Алешка уселся напротив него, а я стал за спиной Алешки. Он вдруг сказал:
– Я хочу рассказать вам одну историю…
– Может, в другой раз? На каникулах. Заходи, чайку попьем…
– Поздно будет. – Алешка покачал головой и загадочно объяснил: – История очень полезная.
Семен Михалыч только вздохнул.
– У нас на даче, – начал Алешка, – тоже есть дверь. – Директор удивился, даже головой покачал. – И один раз она заперлась. Сама по себе. И мы всю ночь ночевали на улице. Шел дождь, и свистел ветер со снегом…
– И танки шли с пулеметным и орудийным огнем, да? – усмехнулся директор.
Алешка не дрогнул:
– Нет, танков не было. Но дверь все равно не открывалась!
– Все? – спросил Семен Михалыч и демонстративно подвинул к себе газету с кроссвордом. – Свободны! Шагом марш! Вон туда. – И он кивнул на дверь. И повторил: – Все?
– Почти, – сказал Алешка, вставая. А на выходе он обернулся: – В нашей двери, Семен Михалыч, был точно такой же замок, как и в учительской.
– Стоп! – Семен Михалыч снова отодвинул газету. – Это ты к чему, Оболенский?
Мне тоже стало интересно – к чему это славное вранье?
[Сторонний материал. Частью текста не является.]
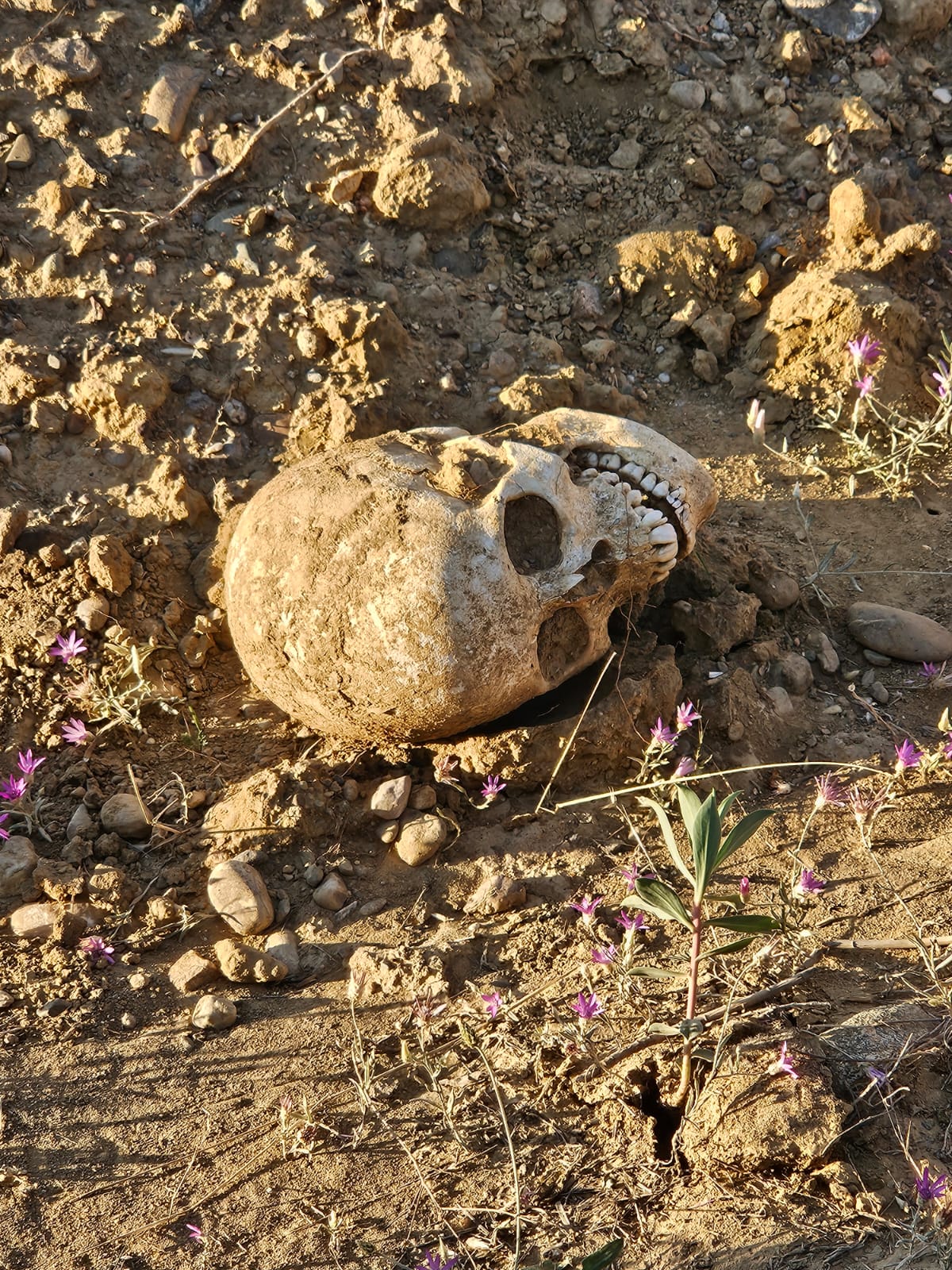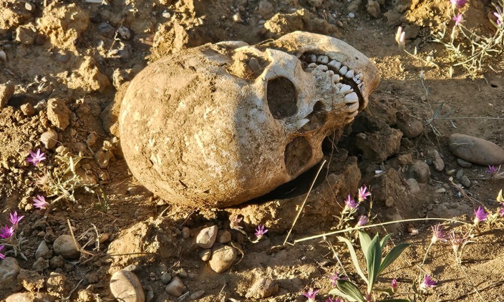 Heyelan sonrası 200 yıllık olduğu tahmin edilen insan kafatası ile kemikler bulundu
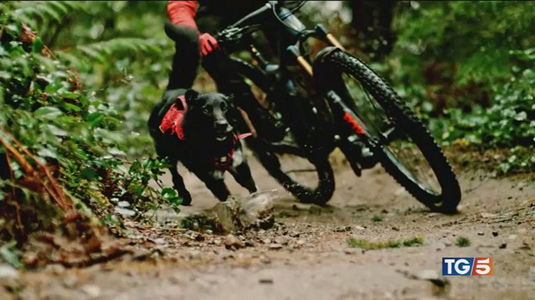 Atleti in mountain bike con accanto i loro amici a quattro zampe.
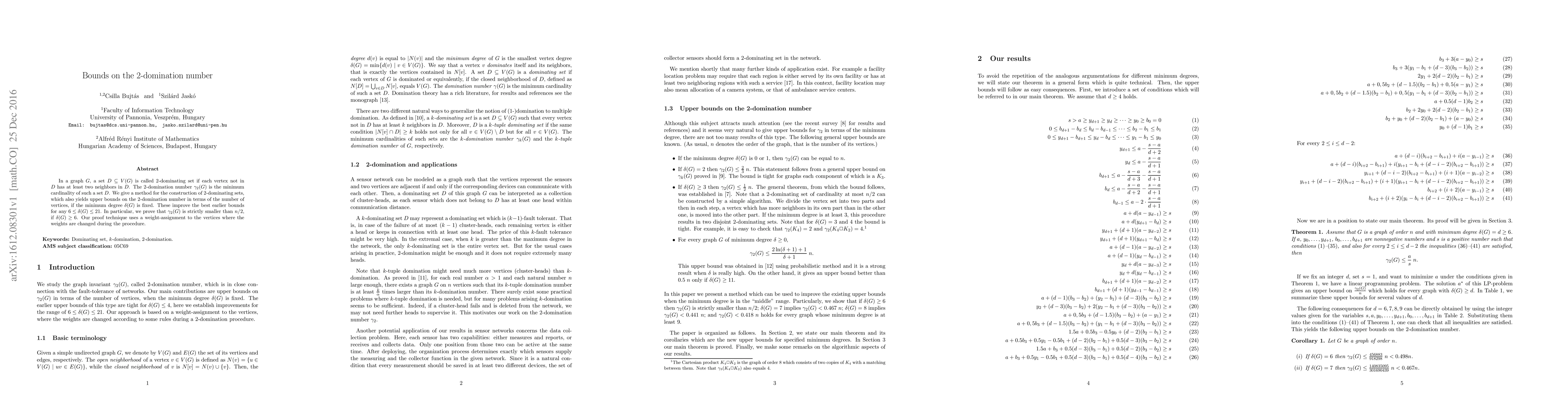 In a graph $G$, a set $D\subseteq V(G)$ is called 2-dominating set if each vertex not in $D$ has at least two neighbors in $D$. The 2-domination number $\gamma_2(G)$ is the minimum cardinality of such a set $D$. We give a method for the construction of 2-dominating sets, which also yields upper bounds on the 2-domination number in terms of the number of vertices, if the minimum degree $\delta(G)$ is fixed. These improve the best earlier bounds for any $6 \le \delta(G) \le 21$. In particular, we prove that $\gamma_2(G)$ is strictly smaller than $n/2$, if $\delta(G) \ge 6$. Our proof technique uses a weight-assignment to the vertices where the weights are changed during the procedure.

Нет у нас такого же замка, нет такой же двери на даче. И не ночевали мы в снегу под дождем. И под орудийным огнем.
Алешка как бы нехотя вернулся к столу. Он знал себе цену.
– Папа потом все-таки замок отпер. А через два дня он опять заперся.
– Папа? Зачем? От тебя, что ли?
– Не папа. Замок. У него такая привычка появилась.
– Ну и что?
– Папа его вынул и отдал в починку одному своему знакомому часовщику. Он раньше жуликом работал.
– Папа?
– Часовщик. Он был специалистом по дверным замкам.
– И что?
– Он починил нам замок. И теперь он не запирается.
Странно как-то починил.
Но Семен Михалыч, кажется, врубился. Он снял трубку телефона и позвал нашего завхоза. Когда тот вошел, директор коротко распорядился:
– Замок изъять. Передать в ремонт Оболенскому из третьего «А». Обеспечить временное запирание двери.
Все было исполнено с армейской точностью и быстротой.
Алешка сунул замок в свой рюкзачок. И сказал:
– Через два дня верну. В целости и сохранности.
– И в исправности, – напомнил директор, придвигая к себе газету и сажая на нос очки.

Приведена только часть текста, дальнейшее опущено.